- INSTRUCTIONS FOR THE TASK: Copy, word for word, the lines of the listing below from the line with "Спектакль – режиссерское" up to and including the line with "Заключительным событием стал". Drop the pictures.

- TASK INPUTS:
↓

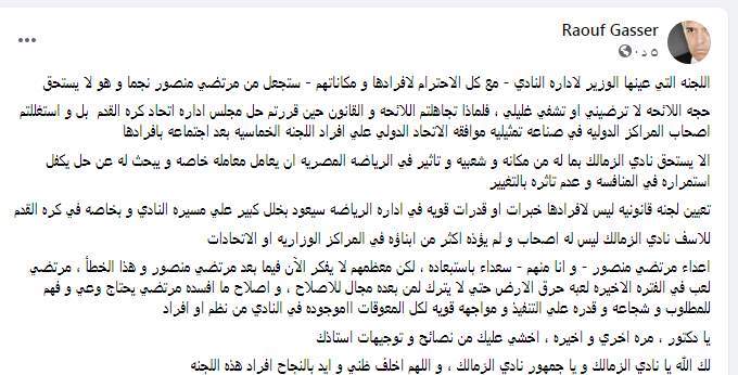 شن المهندس رؤوف جاسر عضو مجلس الزمالك السابق، هجوما عنيفا على وزير
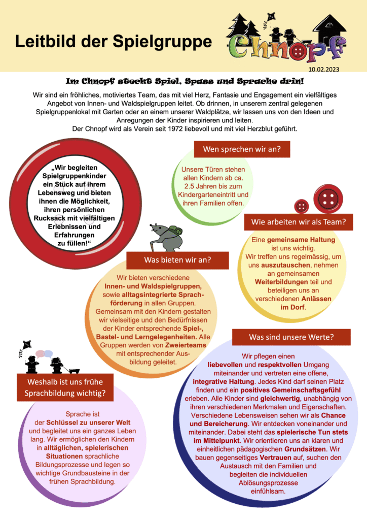 Der „Orientierungsrahmen für Frühkindliche Erziehung, Betreuung und Bildung in der Schweiz“ ist 2012 entstanden und bietet in drei Landessprachen eine fundierte pädagogische Grundlage für die Begleitung der Entwicklung von Kindern zwischen 0 und 4 Jahren. Er ist die Basis für die pädagogische Arbeit in der Spielgruppe Chnopf.
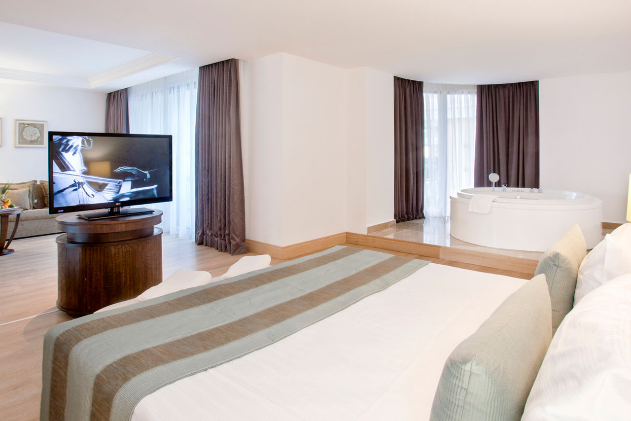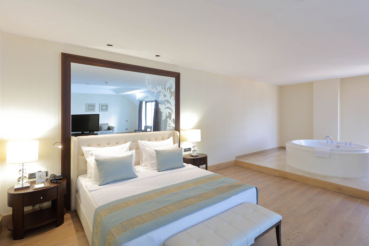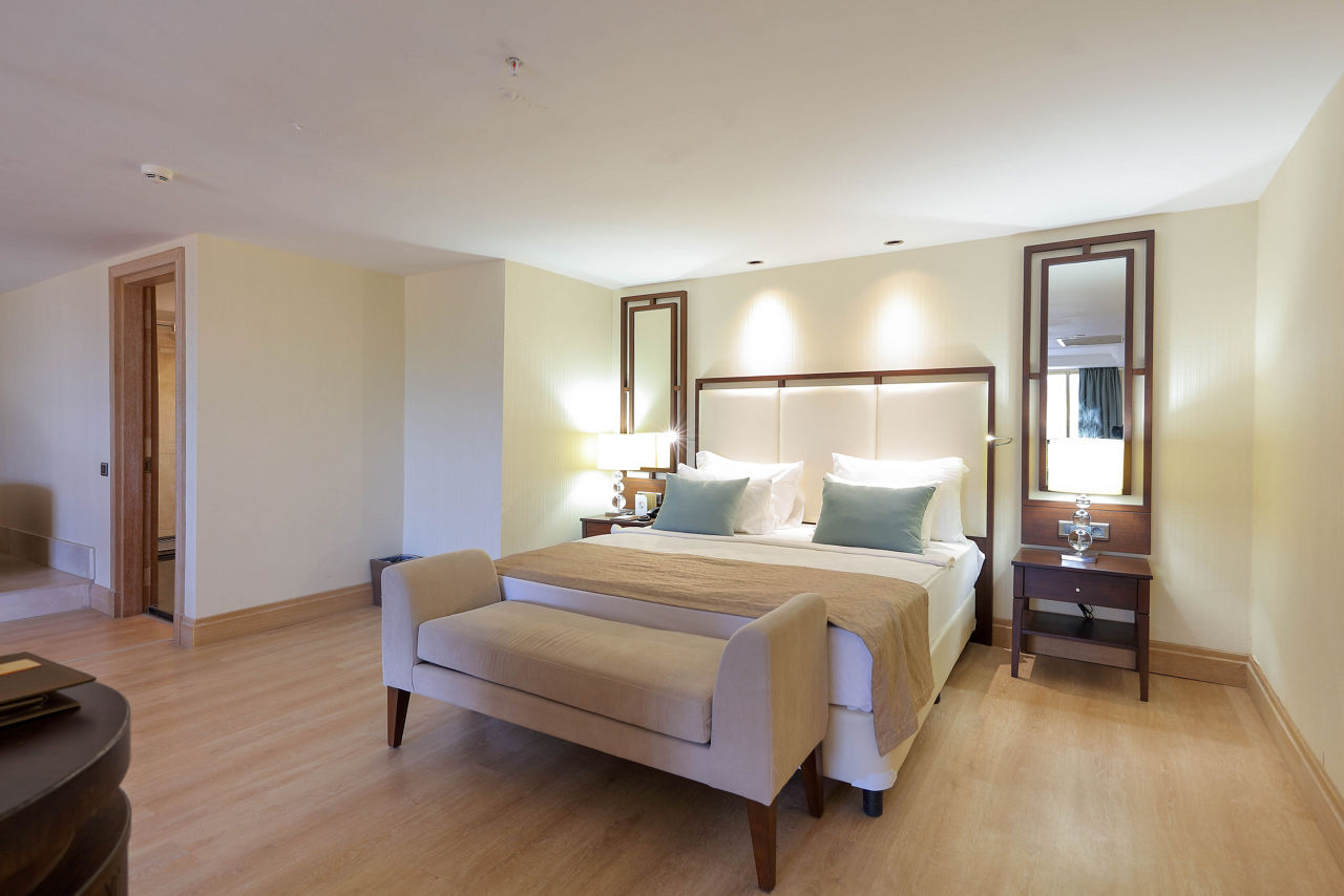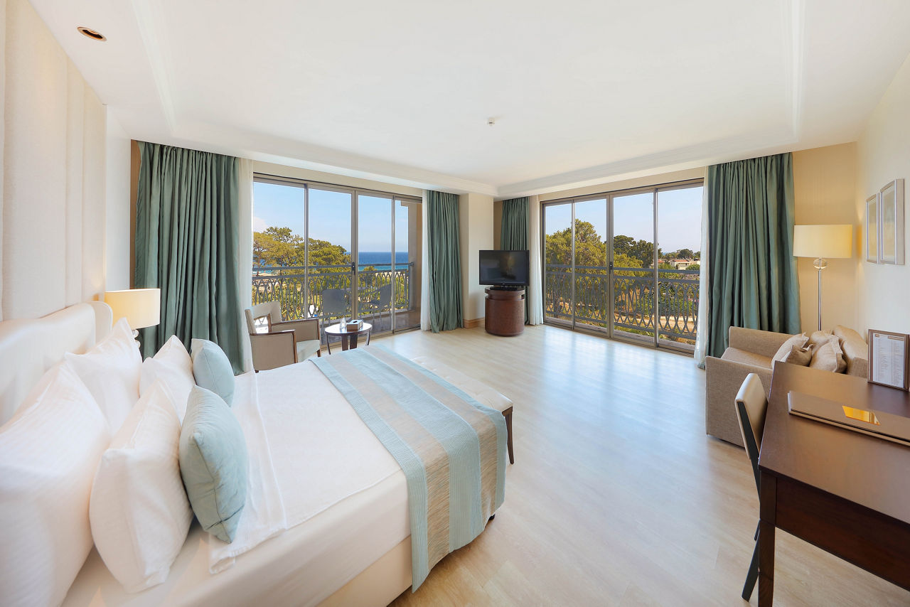Discover the ultimate beachfront escape at Juju Premier Palace, where stunning views and exceptional service meet the Mediterranean's crystal-clear waters. Guests can indulge in a variety of leisure options with multiple pools, including one featuring thrilling water slides for a splash of excitement. When it comes to dining, the hotel offers a selection of à la carte restaurants, catering to all tastes and culinary preferences. For those seeking relaxation and rejuvenation, the hotel's spa facilities provide a peaceful sanctuary to unwind and refresh. Juju Premier Palace truly has something for every age, offering fun-filled activities for children, relaxation for adults, and everything in between to ensure a perfect family getaway.Deluxe room with Land view sleep up to 2 adults and 2 children and have bathroom containing a shower or bath with shower attachment, air conditioning and Balcony. Room upgrade options and Sole Use rooms are also available.
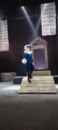 Спектакль – режиссерское прочтение авторских сонетов, в котором постановщик в поисках ответа на вопрос: «Кто же такой Шекспир?» приоткрывает завесу загадочной личности поэта. Ученица 3В класса нашей школы Маша К. играла маленького Шекспира.
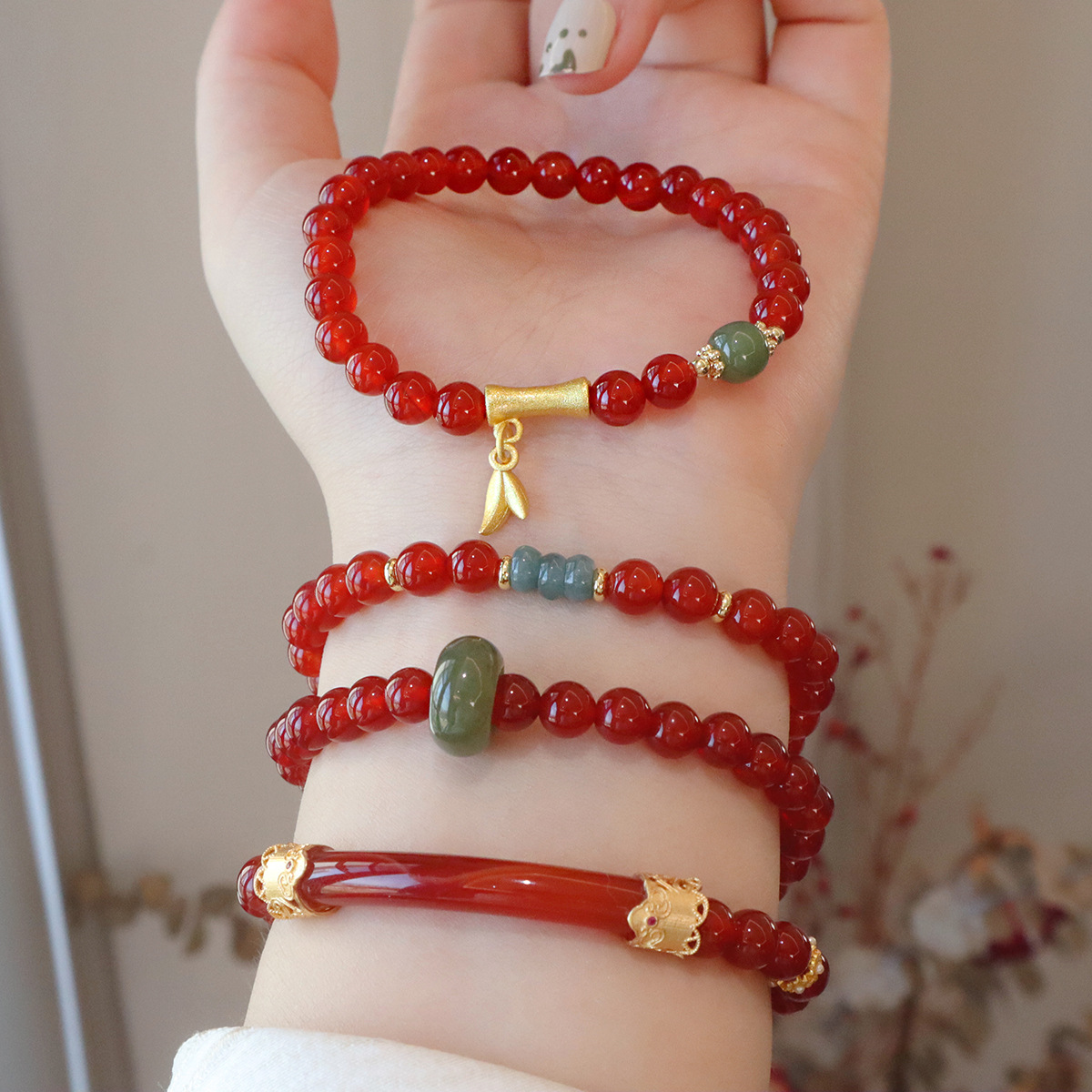 大衆は簡単です。天然の紅瑪瑙は玉のブレスレットを運びます。
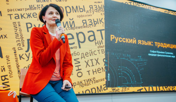 Заключительным событием стал public talk «Русский язык: традиции и будущее» вместе с кандидатом филологических наук, доцентом кафедры романо-германской и классической филологии, председателем городской экспертной комиссии «Тотального диктанта» Софьей Сухановой.
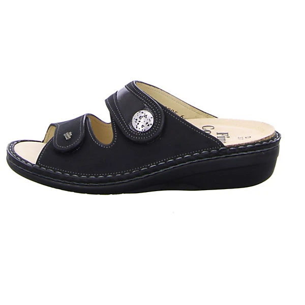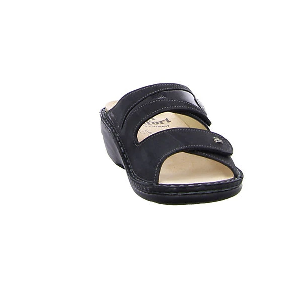 Damen Pantoletten von Finn Comfort aus angenehm weichen Birkoflor. Innen ist der Schuh mit einem cromfrei gegerbtem Leder ausgestattet. Der Schuh hat eine normale Weite. Der Keilabsatz hat eine Höhe von cirka 3 cm. Die Laufsohle ist aus Gummi. Die Schuhgröße fällt regulär aus.
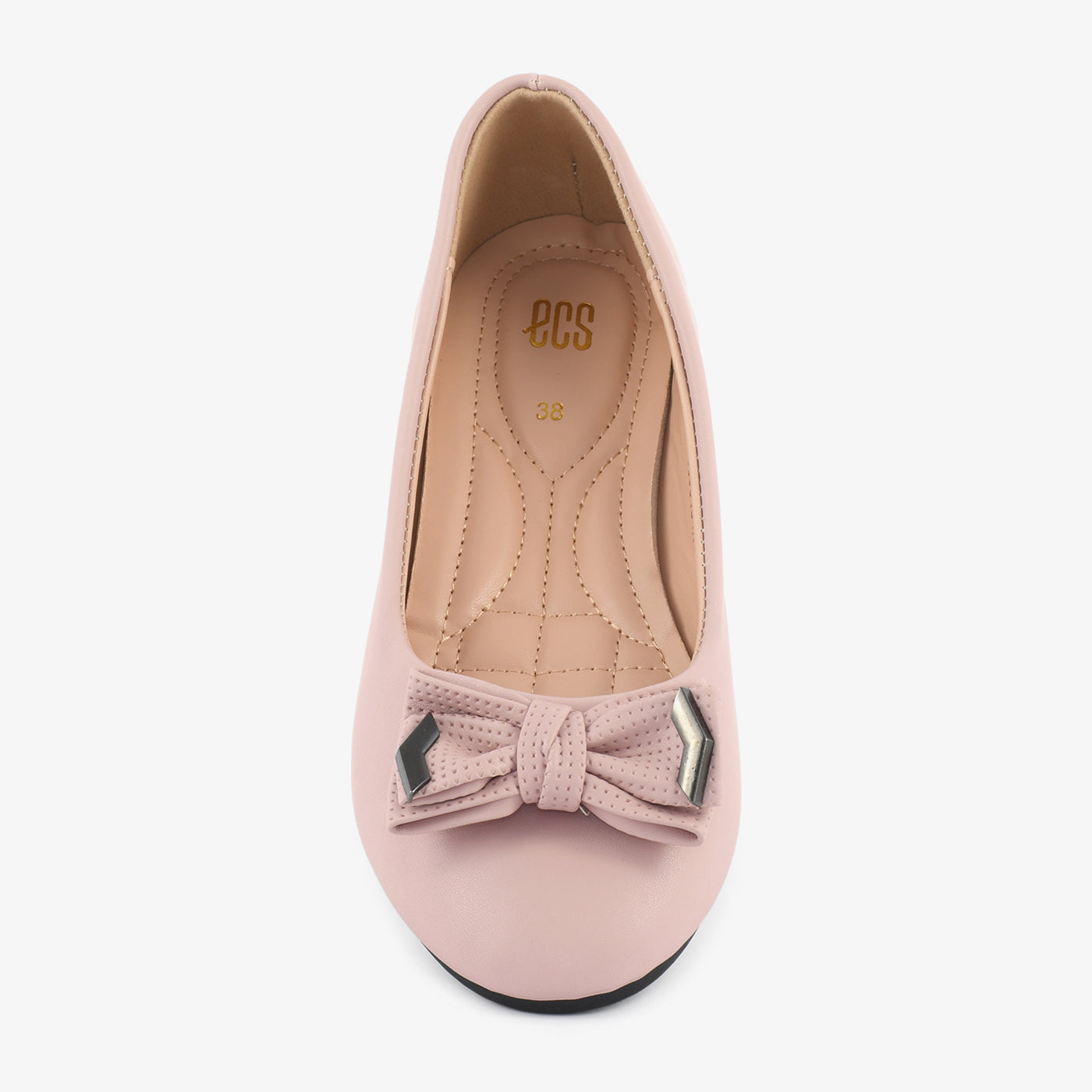 Crafted in smooth faux leather, this flat is adorned with a perforated bow for a subtle yet chic appeal. Lightweight and versatile for daily wear.

↑

- RESULT BELOW:
 Спектакль – режиссерское прочтение авторских сонетов, в котором постановщик в поисках ответа на вопрос: «Кто же такой Шекспир?» приоткрывает завесу загадочной личности поэта. Ученица 3В класса нашей школы Маша К. играла маленького Шекспира.
 大衆は簡単です。天然の紅瑪瑙は玉のブレスレットを運びます。
 Заключительным событием стал public talk «Русский язык: традиции и будущее» вместе с кандидатом филологических наук, доцентом кафедры романо-германской и классической филологии, председателем городской экспертной комиссии «Тотального диктанта» Софьей Сухановой.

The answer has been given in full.